Start of Block

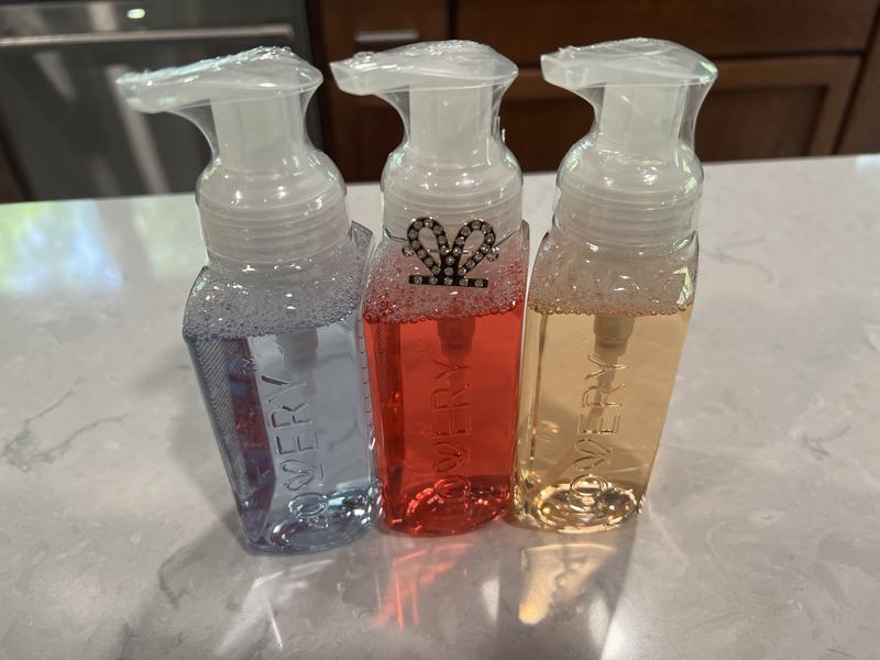 I love the smell of all 3 of these. Very nice scent, and not overpowering at all. Just a small amount creates a lot of foam and you are able to see that you get every inch of your hands covered. Washes off easily, and leaves a nice, subtle scent. It did not leave my hands feeling greasy at all. The bottles are pretty sitting on the counter.
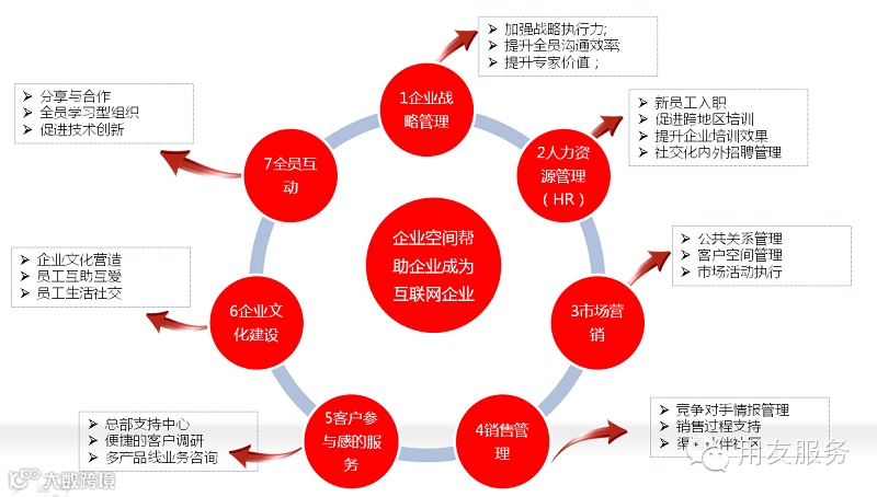 企业空间帮企业实现了以员工、客户、供应商为中心的内外服务一体化、加强客户沟通,打造互联网时代的企业管理新模式。
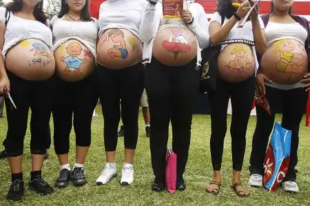 Беременные женщины с разрисованными животами на Наделе здорового материнства в Лиме, Перу.
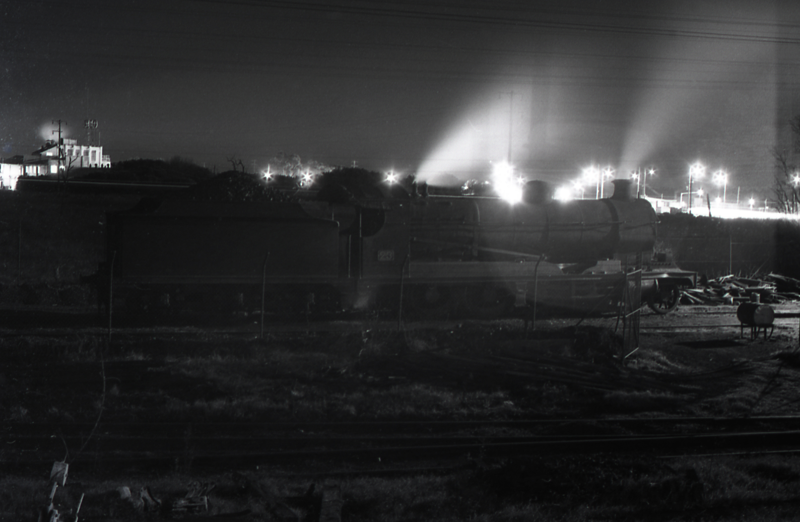 Andrews, Brian Robert, Night time shot of ROD 23 at Loco shed, Hexham, NSW, Richmond Vale Railway, April 1973 (April 1973), [BRAN100A_001]. Living Histories, accessed 20/01/2026, https://livinghistories.newcastle.edu.au/nodes/view/94257
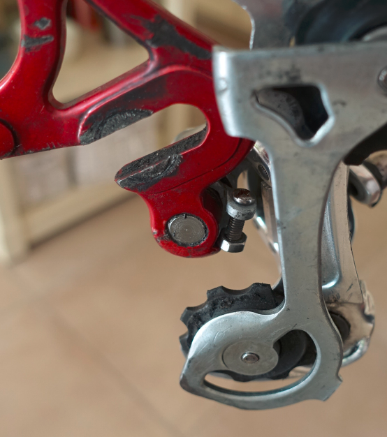 Jetzt ist auf dem 32er Ritzel das obere Schaltröllchen zu nah am Ritzel und es rattert.
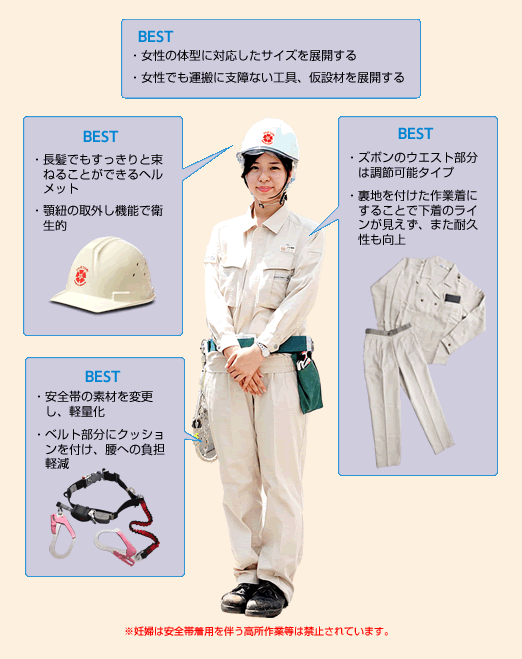 ◆男性用の作業着や靴を女性が使用すると、動きづらさを感じたり、下着のラインが見えてしまったりします。
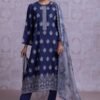 To complete the look, the set comes with fine linen zari jacquard with digital print and embroidery border dupatta, adding a graceful touch to your ensemble.
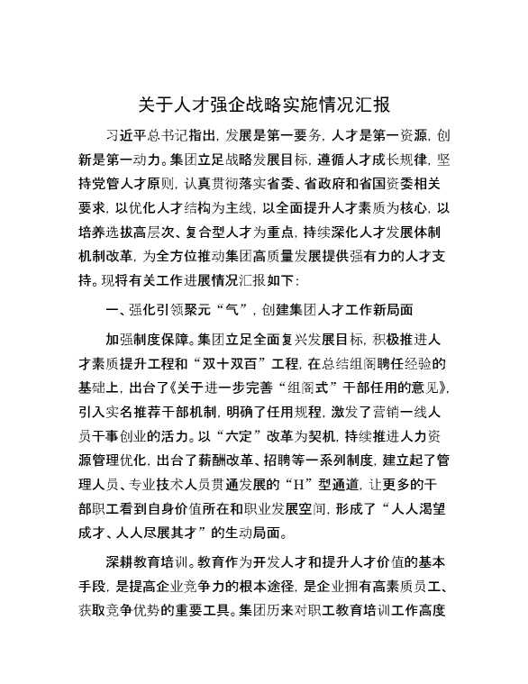 关于人才强企战略实施情况汇报 2024-03-10 Word模板 117 购买前,请一定要先点击这里看看,欢迎持续关注,精彩模板每天推送 预览结束,本文件为word文档,一共7页,共3086字,请购买后,下载后查看 购买前,请一定要先点击这里看看,欢迎持续关注,精彩模板每天推送 资源下载下载价格29 RMBVIP免费升级VIP点击检测网盘有效后购买有任何充值和下载问题请加微信:xuexixuexi66 0 总结汇报
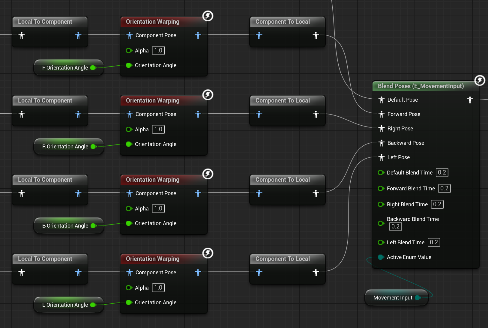 movement input에 따라 앞 뒤 좌 우를 열거형으로 만들고, 각 상태에 따라 애니메이션을 다르게 재생시킨다. 이 때 하체를 방향을 보정하기 위해 Orientation Warping을 사용하였다.
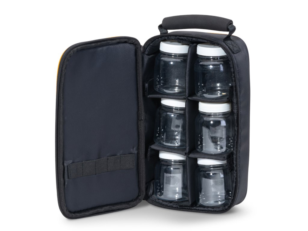 Jednoduché pouzdro s obvodovým zipem a šesti libovolně nastavitelnými přihrádkami. Ty se nastavují pomocí suchého zipu. V ceně je také šest plastových skleniček.
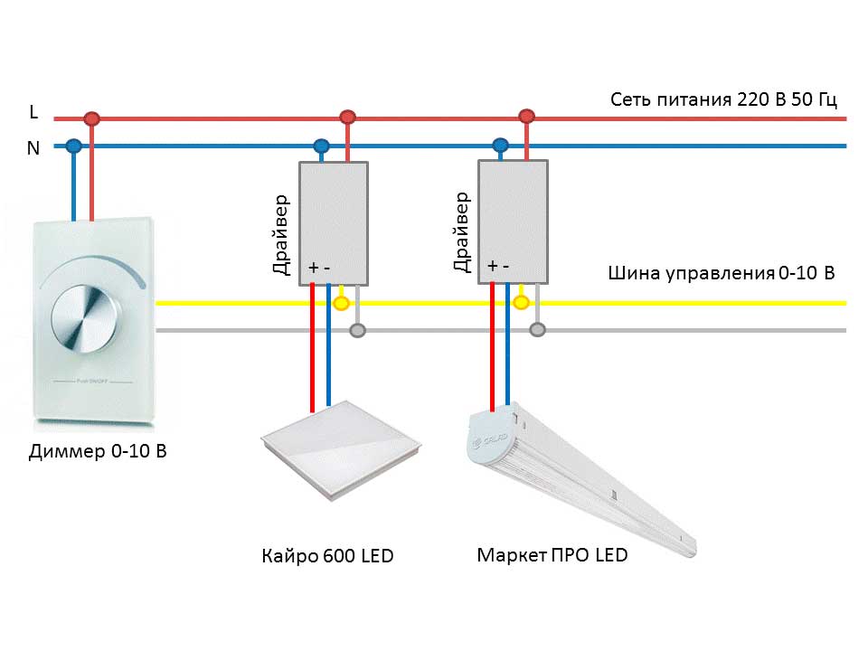 В области внутреннего освещения наиболее простой и популярной сейчас является система группового управления 0-10 В, в которой на специальный вход драйвера или электронного пускорегулирующего аппарата подаётся постоянное напряжение (рис. 1). Величина этого напряжения определяет величину светового потока светильника: 0 В — 0 %, 10 В — 100 %. Аналогичным образом функционирует система управления 1-10 В, только величина управляющего напряжения в 1 В определяет минимально возможный световой поток, а при подаче 0 В на вход управления, светильник выключается.
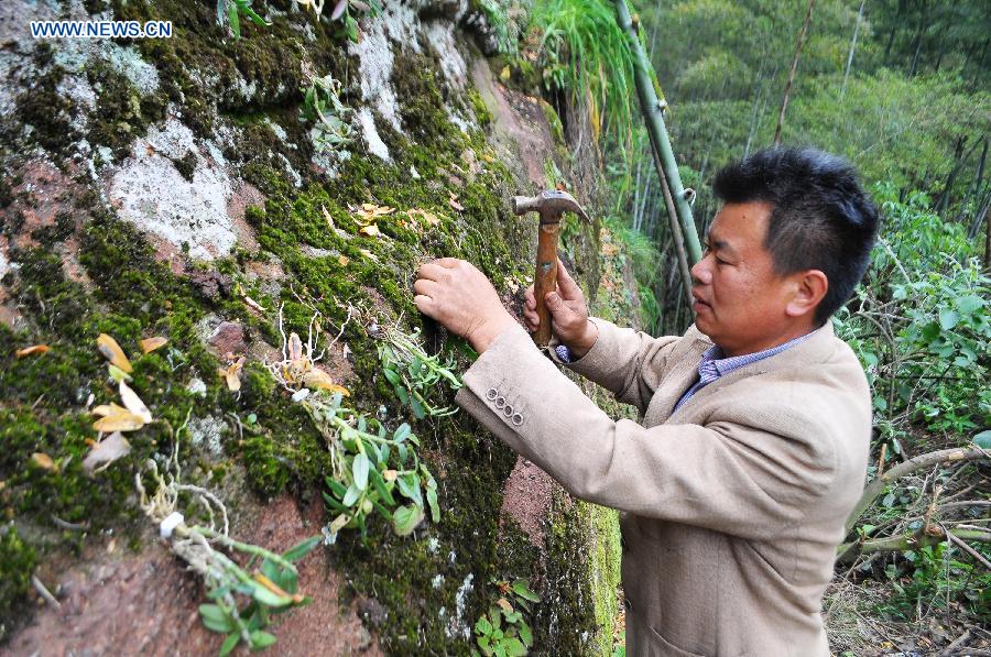 A farmer plants Dendrobium officinale Kimura et Migo, a kind of rare traditional Chinese medicine, in Wang'er Town of Qianshan County, east China's Jiangxi Province, April 22, 2015. Xu Nanjing and his friends, farmers of Wang'er Town, began to plant Dendrobium officinale Kimura et Migo since 2013. The output is estimated to reach about 300 kilograms next year and is expected to yield 1 million RMB yuan (161,300 U.S. dollars). (Xinhua/Ding Minghua)

End of Block

In your answer, copy exactly the lines running from the line with "Andrews, Brian Robert, Night" to the end of the material above, both included, and omit all pictures.

**Your response:**
 Andrews, Brian Robert, Night time shot of ROD 23 at Loco shed, Hexham, NSW, Richmond Vale Railway, April 1973 (April 1973), [BRAN100A_001]. Living Histories, accessed 20/01/2026, https://livinghistories.newcastle.edu.au/nodes/view/94257
 Jetzt ist auf dem 32er Ritzel das obere Schaltröllchen zu nah am Ritzel und es rattert.
 ◆男性用の作業着や靴を女性が使用すると、動きづらさを感じたり、下着のラインが見えてしまったりします。
 To complete the look, the set comes with fine linen zari jacquard with digital print and embroidery border dupatta, adding a graceful touch to your ensemble.
 关于人才强企战略实施情况汇报 2024-03-10 Word模板 117 购买前,请一定要先点击这里看看,欢迎持续关注,精彩模板每天推送 预览结束,本文件为word文档,一共7页,共3086字,请购买后,下载后查看 购买前,请一定要先点击这里看看,欢迎持续关注,精彩模板每天推送 资源下载下载价格29 RMBVIP免费升级VIP点击检测网盘有效后购买有任何充值和下载问题请加微信:xuexixuexi66 0 总结汇报
 movement input에 따라 앞 뒤 좌 우를 열거형으로 만들고, 각 상태에 따라 애니메이션을 다르게 재생시킨다. 이 때 하체를 방향을 보정하기 위해 Orientation Warping을 사용하였다.
 Jednoduché pouzdro s obvodovým zipem a šesti libovolně nastavitelnými přihrádkami. Ty se nastavují pomocí suchého zipu. V ceně je také šest plastových skleniček.
 В области внутреннего освещения наиболее простой и популярной сейчас является система группового управления 0-10 В, в которой на специальный вход драйвера или электронного пускорегулирующего аппарата подаётся постоянное напряжение (рис. 1). Величина этого напряжения определяет величину светового потока светильника: 0 В — 0 %, 10 В — 100 %. Аналогичным образом функционирует система управления 1-10 В, только величина управляющего напряжения в 1 В определяет минимально возможный световой поток, а при подаче 0 В на вход управления, светильник выключается.
 A farmer plants Dendrobium officinale Kimura et Migo, a kind of rare traditional Chinese medicine, in Wang'er Town of Qianshan County, east China's Jiangxi Province, April 22, 2015. Xu Nanjing and his friends, farmers of Wang'er Town, began to plant Dendrobium officinale Kimura et Migo since 2013. The output is estimated to reach about 300 kilograms next year and is expected to yield 1 million RMB yuan (161,300 U.S. dollars). (Xinhua/Ding Minghua)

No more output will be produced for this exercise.